EXERCISE AIM
The copy must hold exactly the lines from the one with "Samsun Valisi Doç." through the end of the listing below, and nothing else, with no pictures.

EXTRACTED INFORMATION
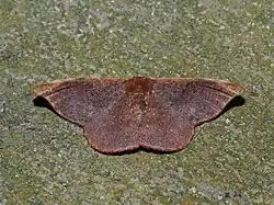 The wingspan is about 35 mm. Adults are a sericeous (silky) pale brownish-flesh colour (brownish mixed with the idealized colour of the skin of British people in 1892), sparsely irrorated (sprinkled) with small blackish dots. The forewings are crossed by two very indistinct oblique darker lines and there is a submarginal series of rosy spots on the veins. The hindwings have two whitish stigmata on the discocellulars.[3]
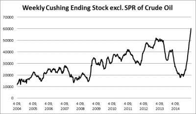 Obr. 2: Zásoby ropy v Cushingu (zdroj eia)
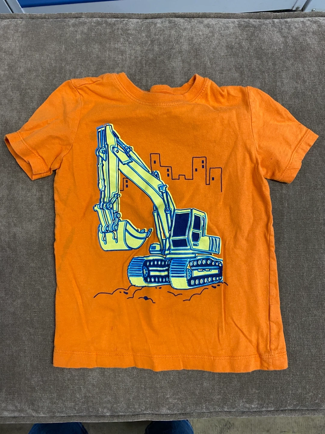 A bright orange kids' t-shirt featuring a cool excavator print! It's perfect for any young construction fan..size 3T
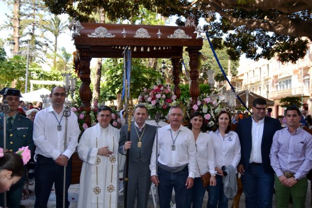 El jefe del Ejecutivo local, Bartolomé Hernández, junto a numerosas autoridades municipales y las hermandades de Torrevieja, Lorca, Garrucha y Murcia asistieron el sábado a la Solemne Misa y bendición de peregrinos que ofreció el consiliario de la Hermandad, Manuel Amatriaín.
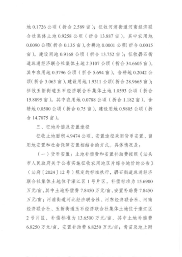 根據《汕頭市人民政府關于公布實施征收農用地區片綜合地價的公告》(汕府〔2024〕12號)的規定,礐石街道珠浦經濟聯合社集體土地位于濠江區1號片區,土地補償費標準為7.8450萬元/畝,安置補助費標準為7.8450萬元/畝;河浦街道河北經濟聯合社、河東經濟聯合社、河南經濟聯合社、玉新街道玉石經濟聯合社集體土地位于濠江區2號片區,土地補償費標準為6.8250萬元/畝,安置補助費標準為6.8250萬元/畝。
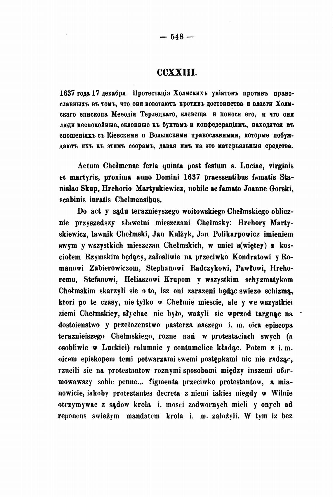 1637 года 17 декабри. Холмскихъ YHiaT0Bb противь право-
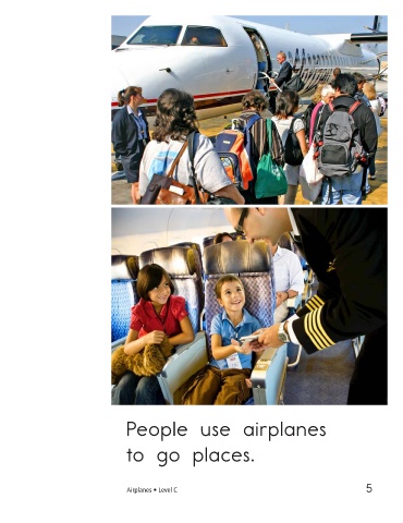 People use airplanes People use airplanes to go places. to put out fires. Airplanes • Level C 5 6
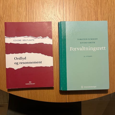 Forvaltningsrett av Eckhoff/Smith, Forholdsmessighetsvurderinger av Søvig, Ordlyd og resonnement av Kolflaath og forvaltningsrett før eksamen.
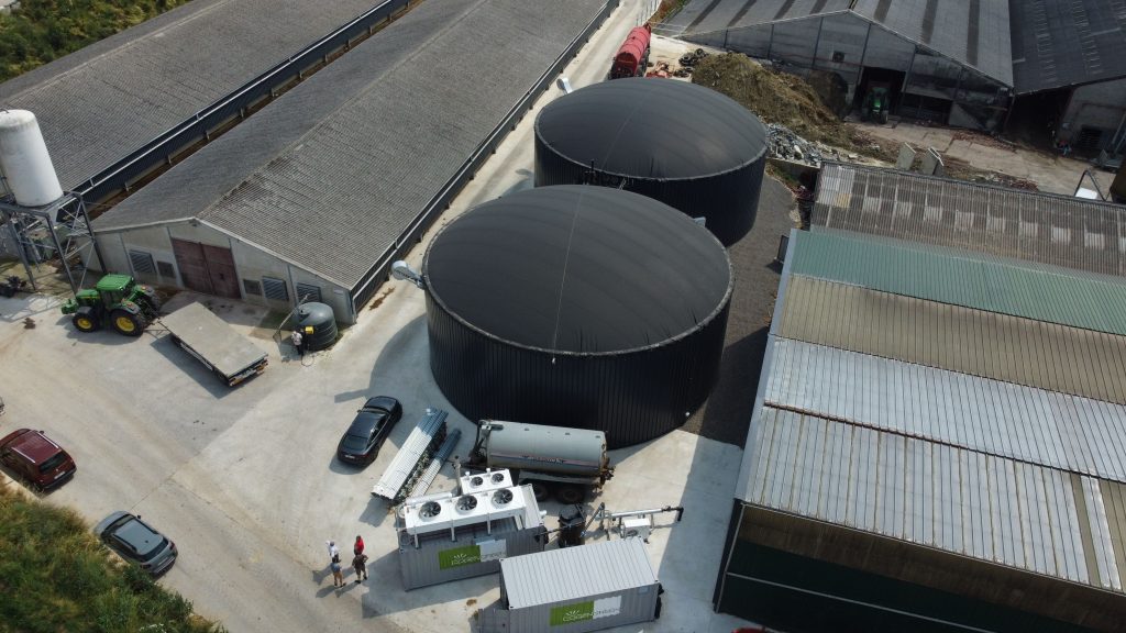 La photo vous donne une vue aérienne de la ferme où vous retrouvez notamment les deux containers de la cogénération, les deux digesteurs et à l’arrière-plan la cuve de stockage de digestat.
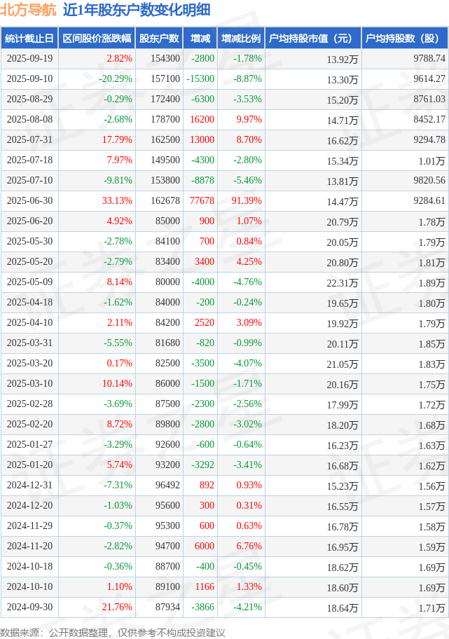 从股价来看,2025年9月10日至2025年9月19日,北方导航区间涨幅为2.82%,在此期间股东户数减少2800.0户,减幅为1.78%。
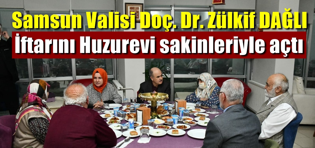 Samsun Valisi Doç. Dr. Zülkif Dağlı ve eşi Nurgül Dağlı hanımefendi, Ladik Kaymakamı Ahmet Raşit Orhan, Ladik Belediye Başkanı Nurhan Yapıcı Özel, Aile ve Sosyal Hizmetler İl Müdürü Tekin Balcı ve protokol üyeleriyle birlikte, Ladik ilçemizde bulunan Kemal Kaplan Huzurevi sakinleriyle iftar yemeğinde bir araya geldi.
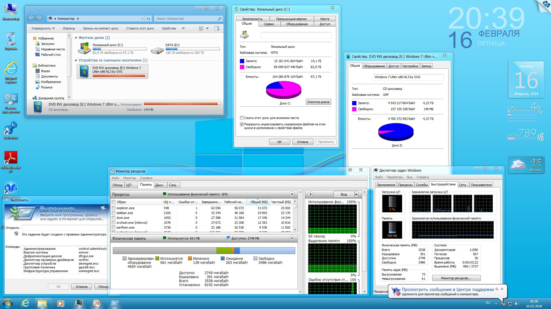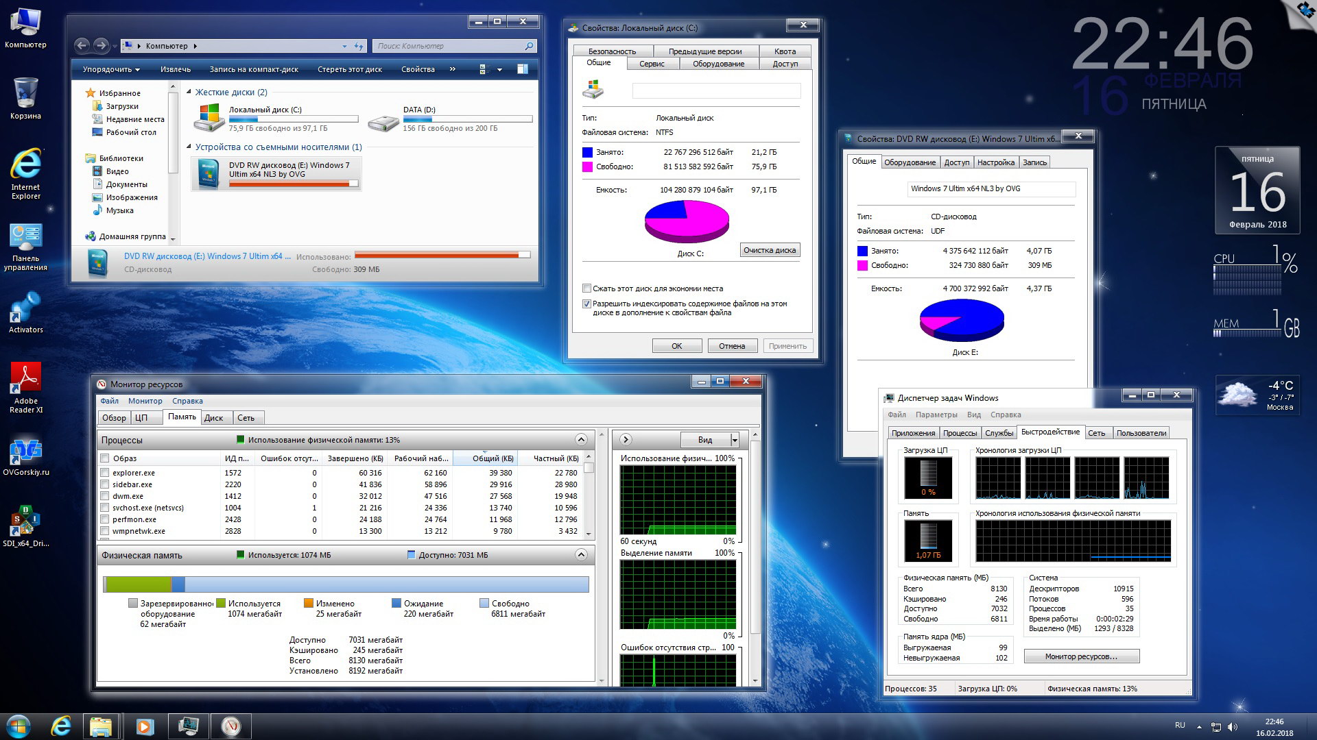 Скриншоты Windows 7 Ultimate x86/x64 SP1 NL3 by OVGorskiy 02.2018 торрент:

EXERCISE SOLUTION
 Samsun Valisi Doç. Dr. Zülkif Dağlı ve eşi Nurgül Dağlı hanımefendi, Ladik Kaymakamı Ahmet Raşit Orhan, Ladik Belediye Başkanı Nurhan Yapıcı Özel, Aile ve Sosyal Hizmetler İl Müdürü Tekin Balcı ve protokol üyeleriyle birlikte, Ladik ilçemizde bulunan Kemal Kaplan Huzurevi sakinleriyle iftar yemeğinde bir araya geldi.
 Скриншоты Windows 7 Ultimate x86/x64 SP1 NL3 by OVGorskiy 02.2018 торрент:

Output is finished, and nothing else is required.